The logical question at such a juncture would be to consider the emotion of embarrassment. Was he, your dreadfully handsome protagonist, embarrassed at having his hand rejected by the one he loved? Pah, certainly not, dear reader. For Jerome possessed the strength of ten men in the face of adversity. Fie every cretinous dog that turns in glee at the onset of another’s torment. For those willing to naysay the bold actions of the hopeless romantic are not fit to gorge upon the same sloppy ground beef concoction served in the lunchroom. Those willing to harp on one’s failed chivalrous conquest should be drawn, quartered, tarred, and feathered, all at once, if possible. The loathsome hags, hell-bent on relishing in the mockery of another are not fit to change the piss-pot of a kindergartener! At least our good friend Jerome had the courage, nay the strength, nay the cold-blooded cajones to say what he felt at the time and mean it. To be a romantic is no mere walk among the primrose path. It is a quest for the undying love of another, it is a lash along the chest at every heartbeat that beats for another; and it is a kick straight to the balls with every sentiment not returned.

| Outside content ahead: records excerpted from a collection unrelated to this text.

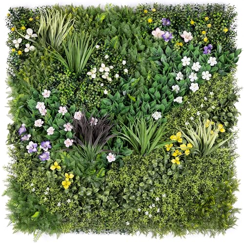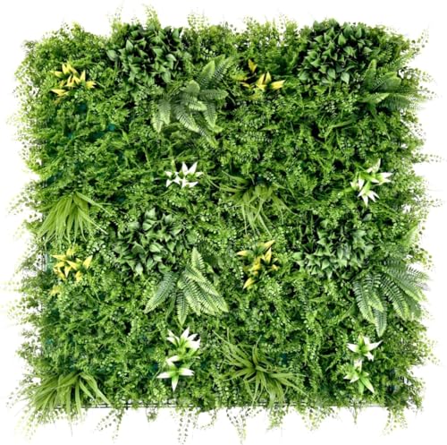 Artificial Living Wall Panels, Spring Bloom Green Plant Flower Foliage, Indoor Outdoor, Home Garden Decoration, Privacy Hedge Fence Screening, UV Stabilised, Waterproof, Natural Look (100cm x 100cm)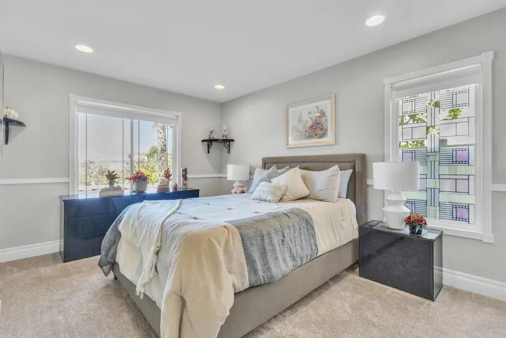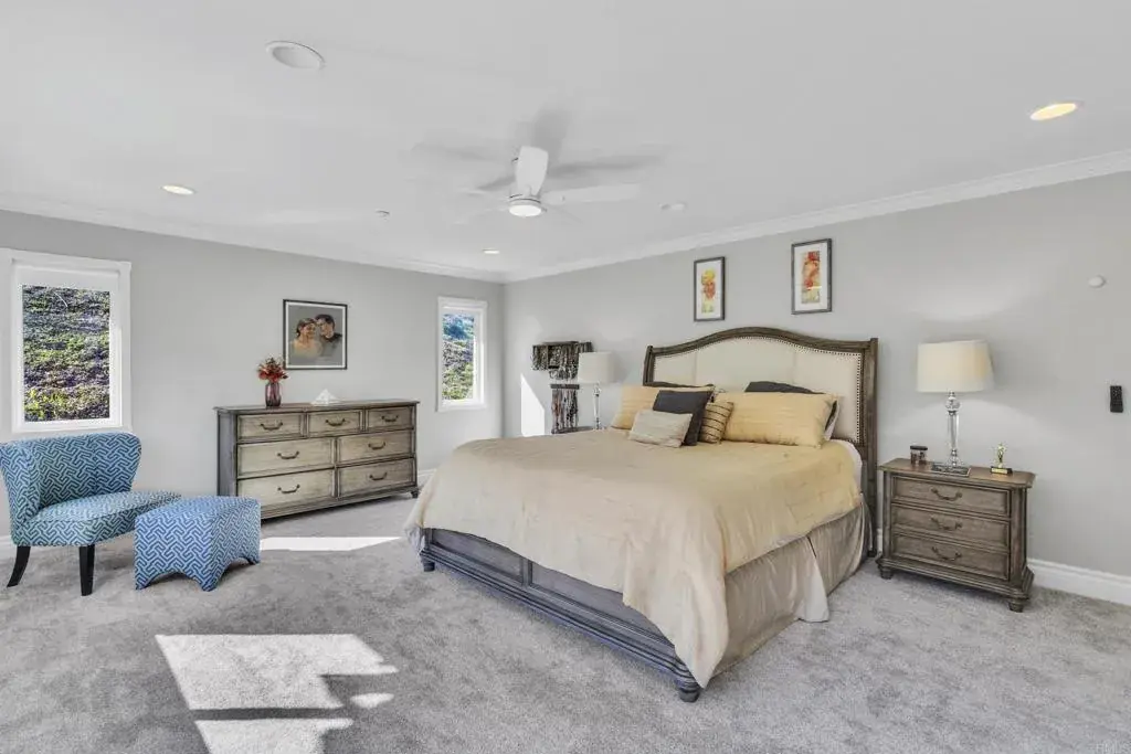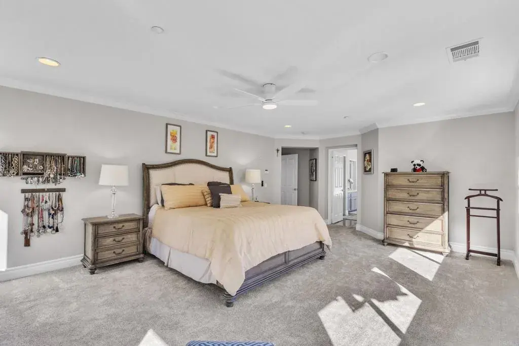 Beautiful 4BD/3BA home in the gated Lakeview at Highlands Ranch community, just minutes from San Diego. This hilltop residence offers soaring vaulted ceilings and breathtaking views reaching all the way to the Coronado coastline on clear days. Features include a full bedroom and bath on the main level, dual-zone HVAC, and a bright, open living area. The home was refreshed just three years ago with new interior paint, quartz and granite countertops, and modern finishes throughout. Energy-efficient with 20 solar panels under a long-term contract at a low 22.5¢/kWh. Enjoy resort-style community amenities including a pool, playground, scenic hiking and walking trails, plus ample street parking. Your new home awaits—don’t miss this opportunity!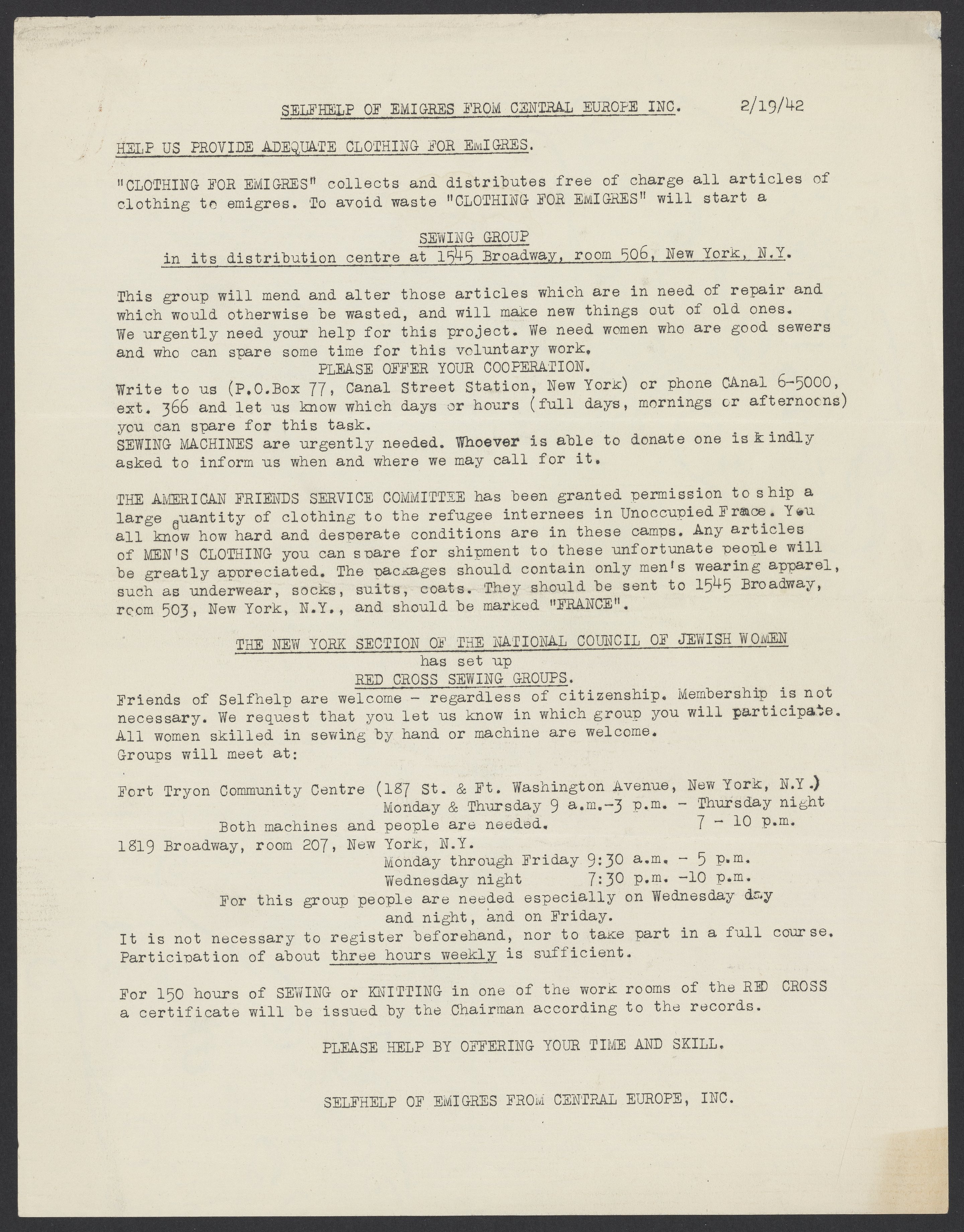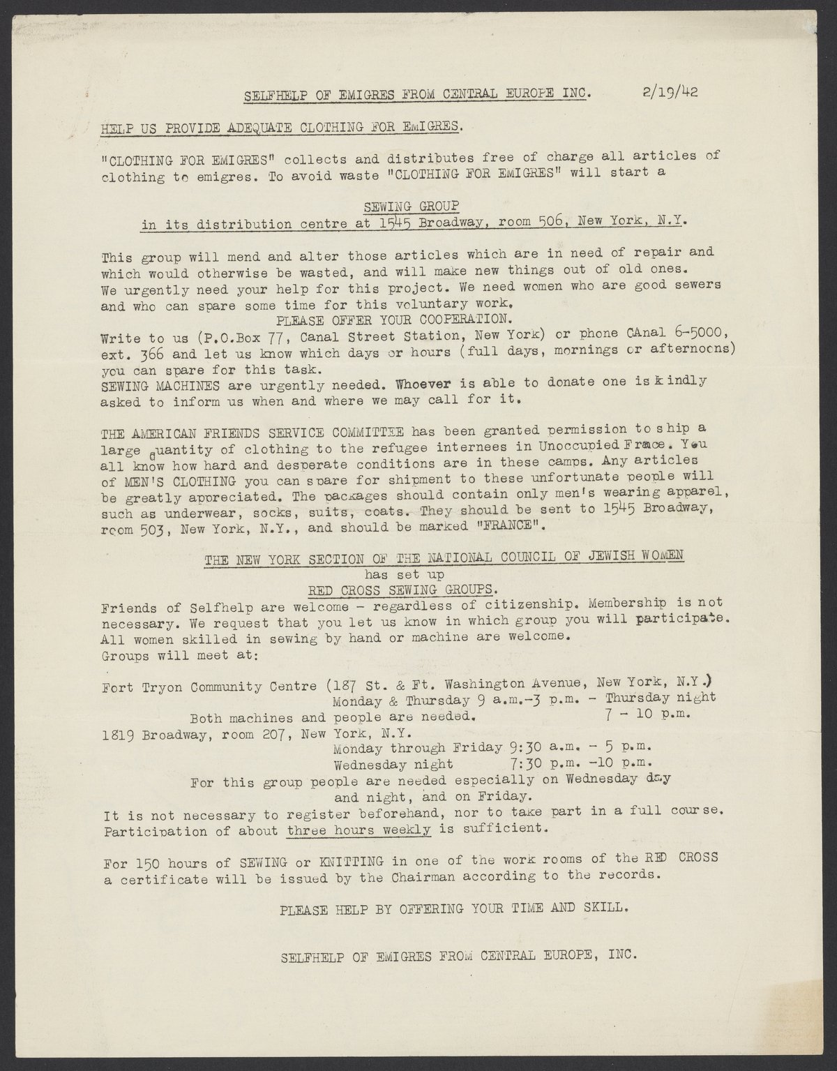 Letter from Selfhelp of Emigres from Central Europe, February 19, 1942

It is now that I express my wish to encourage any and all dire Romeos to persevere in their own conquest for their personal Juliet. It is a long and frustrating world that must be taken with care. The road is dangerous and wearisome, yet is one that must be undertaken by those who possess the gumption to tackle even the most radiant of beauties. For who among us does not wish to share a gleaming, dentured smile with their significant other, well into the future? After all, an existence without mutual deterioration among couple’s body parts is frankly, an existence not worth fighting for. We should all aspire to grow old with one another, saggy paunches and all, and for that, I say persevere in the name of love.
And so we sit and gaze into the crackle of the flames before us. I watch as Jerome gulps down his glass of chocolate milk- so sugary, it could rot the steel frame of a tractor-trailer. Wrapped in the shrouds of his Batman pajamas, my dear friend Jerome is a man in recovery.
I watch as he pours himself another glass of the silky ambrosia and slams it back with ease. He nods and signals for the yearbook. I carefully set it in his lap. I suppose it is time, after all. Flipping through the book at random, I gaze on in admiration as a smile plays out across Jerome’s lips. With an extended forefinger directed at a young girls portrait, Jerome holds the book up for my approval.
“Lauren Ramirez?” I say.
“Do you doubt my skill after my most recent floundering?” He says.
I slam back my glass of chocolate milk. It is so sugary it stings the back of my throat. I cough and regain my composure.